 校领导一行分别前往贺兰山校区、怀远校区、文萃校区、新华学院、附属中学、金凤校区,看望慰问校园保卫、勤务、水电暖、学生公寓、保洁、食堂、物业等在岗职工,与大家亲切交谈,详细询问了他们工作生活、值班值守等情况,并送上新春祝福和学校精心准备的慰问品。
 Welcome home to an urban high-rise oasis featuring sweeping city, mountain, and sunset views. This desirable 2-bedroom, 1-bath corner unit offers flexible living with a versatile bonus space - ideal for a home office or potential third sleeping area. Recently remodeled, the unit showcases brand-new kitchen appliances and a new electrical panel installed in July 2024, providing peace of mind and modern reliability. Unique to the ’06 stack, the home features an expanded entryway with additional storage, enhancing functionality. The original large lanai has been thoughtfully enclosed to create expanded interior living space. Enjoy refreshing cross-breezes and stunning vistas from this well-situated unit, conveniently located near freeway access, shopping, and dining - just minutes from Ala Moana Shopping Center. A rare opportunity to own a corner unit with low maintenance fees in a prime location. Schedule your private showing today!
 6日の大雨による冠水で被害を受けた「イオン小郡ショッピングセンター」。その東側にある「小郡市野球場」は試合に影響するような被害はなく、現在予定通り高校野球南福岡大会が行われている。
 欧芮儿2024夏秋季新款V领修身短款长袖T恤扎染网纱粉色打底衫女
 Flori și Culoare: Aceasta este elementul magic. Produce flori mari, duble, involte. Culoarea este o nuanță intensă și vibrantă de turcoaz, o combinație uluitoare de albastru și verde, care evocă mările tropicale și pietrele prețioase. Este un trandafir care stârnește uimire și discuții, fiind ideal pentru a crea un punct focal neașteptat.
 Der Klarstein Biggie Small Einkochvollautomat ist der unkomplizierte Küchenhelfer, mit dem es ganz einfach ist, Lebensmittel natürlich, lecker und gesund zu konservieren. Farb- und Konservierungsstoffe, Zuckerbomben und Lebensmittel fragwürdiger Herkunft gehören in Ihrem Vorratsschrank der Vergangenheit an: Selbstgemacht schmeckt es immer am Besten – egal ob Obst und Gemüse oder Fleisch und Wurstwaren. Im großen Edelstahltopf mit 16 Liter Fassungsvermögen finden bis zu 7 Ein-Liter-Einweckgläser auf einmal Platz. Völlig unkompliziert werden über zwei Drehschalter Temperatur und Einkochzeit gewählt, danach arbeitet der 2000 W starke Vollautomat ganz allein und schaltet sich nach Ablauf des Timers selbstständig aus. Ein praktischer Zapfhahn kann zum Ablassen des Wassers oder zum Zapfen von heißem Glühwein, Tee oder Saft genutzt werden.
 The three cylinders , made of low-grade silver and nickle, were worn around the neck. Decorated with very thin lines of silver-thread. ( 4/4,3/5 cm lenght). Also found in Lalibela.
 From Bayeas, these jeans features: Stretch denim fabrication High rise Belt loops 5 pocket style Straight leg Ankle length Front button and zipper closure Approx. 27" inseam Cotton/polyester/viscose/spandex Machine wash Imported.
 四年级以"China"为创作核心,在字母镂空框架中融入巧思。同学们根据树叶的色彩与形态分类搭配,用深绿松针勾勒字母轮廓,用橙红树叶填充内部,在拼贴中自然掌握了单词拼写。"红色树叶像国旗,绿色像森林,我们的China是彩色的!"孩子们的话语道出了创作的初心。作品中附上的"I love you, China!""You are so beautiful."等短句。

■ **Instructions for the task**: The response must be an exact reproduction of all the entries.

■ **Response to the exercise**:
 校领导一行分别前往贺兰山校区、怀远校区、文萃校区、新华学院、附属中学、金凤校区,看望慰问校园保卫、勤务、水电暖、学生公寓、保洁、食堂、物业等在岗职工,与大家亲切交谈,详细询问了他们工作生活、值班值守等情况,并送上新春祝福和学校精心准备的慰问品。
 Welcome home to an urban high-rise oasis featuring sweeping city, mountain, and sunset views. This desirable 2-bedroom, 1-bath corner unit offers flexible living with a versatile bonus space - ideal for a home office or potential third sleeping area. Recently remodeled, the unit showcases brand-new kitchen appliances and a new electrical panel installed in July 2024, providing peace of mind and modern reliability. Unique to the ’06 stack, the home features an expanded entryway with additional storage, enhancing functionality. The original large lanai has been thoughtfully enclosed to create expanded interior living space. Enjoy refreshing cross-breezes and stunning vistas from this well-situated unit, conveniently located near freeway access, shopping, and dining - just minutes from Ala Moana Shopping Center. A rare opportunity to own a corner unit with low maintenance fees in a prime location. Schedule your private showing today!
 6日の大雨による冠水で被害を受けた「イオン小郡ショッピングセンター」。その東側にある「小郡市野球場」は試合に影響するような被害はなく、現在予定通り高校野球南福岡大会が行われている。
 欧芮儿2024夏秋季新款V领修身短款长袖T恤扎染网纱粉色打底衫女
 Flori și Culoare: Aceasta este elementul magic. Produce flori mari, duble, involte. Culoarea este o nuanță intensă și vibrantă de turcoaz, o combinație uluitoare de albastru și verde, care evocă mările tropicale și pietrele prețioase. Este un trandafir care stârnește uimire și discuții, fiind ideal pentru a crea un punct focal neașteptat.
 Der Klarstein Biggie Small Einkochvollautomat ist der unkomplizierte Küchenhelfer, mit dem es ganz einfach ist, Lebensmittel natürlich, lecker und gesund zu konservieren. Farb- und Konservierungsstoffe, Zuckerbomben und Lebensmittel fragwürdiger Herkunft gehören in Ihrem Vorratsschrank der Vergangenheit an: Selbstgemacht schmeckt es immer am Besten – egal ob Obst und Gemüse oder Fleisch und Wurstwaren. Im großen Edelstahltopf mit 16 Liter Fassungsvermögen finden bis zu 7 Ein-Liter-Einweckgläser auf einmal Platz. Völlig unkompliziert werden über zwei Drehschalter Temperatur und Einkochzeit gewählt, danach arbeitet der 2000 W starke Vollautomat ganz allein und schaltet sich nach Ablauf des Timers selbstständig aus. Ein praktischer Zapfhahn kann zum Ablassen des Wassers oder zum Zapfen von heißem Glühwein, Tee oder Saft genutzt werden.
 The three cylinders , made of low-grade silver and nickle, were worn around the neck. Decorated with very thin lines of silver-thread. ( 4/4,3/5 cm lenght). Also found in Lalibela.
 From Bayeas, these jeans features: Stretch denim fabrication High rise Belt loops 5 pocket style Straight leg Ankle length Front button and zipper closure Approx. 27" inseam Cotton/polyester/viscose/spandex Machine wash Imported.
 四年级以"China"为创作核心,在字母镂空框架中融入巧思。同学们根据树叶的色彩与形态分类搭配,用深绿松针勾勒字母轮廓,用橙红树叶填充内部,在拼贴中自然掌握了单词拼写。"红色树叶像国旗,绿色像森林,我们的China是彩色的!"孩子们的话语道出了创作的初心。作品中附上的"I love you, China!""You are so beautiful."等短句。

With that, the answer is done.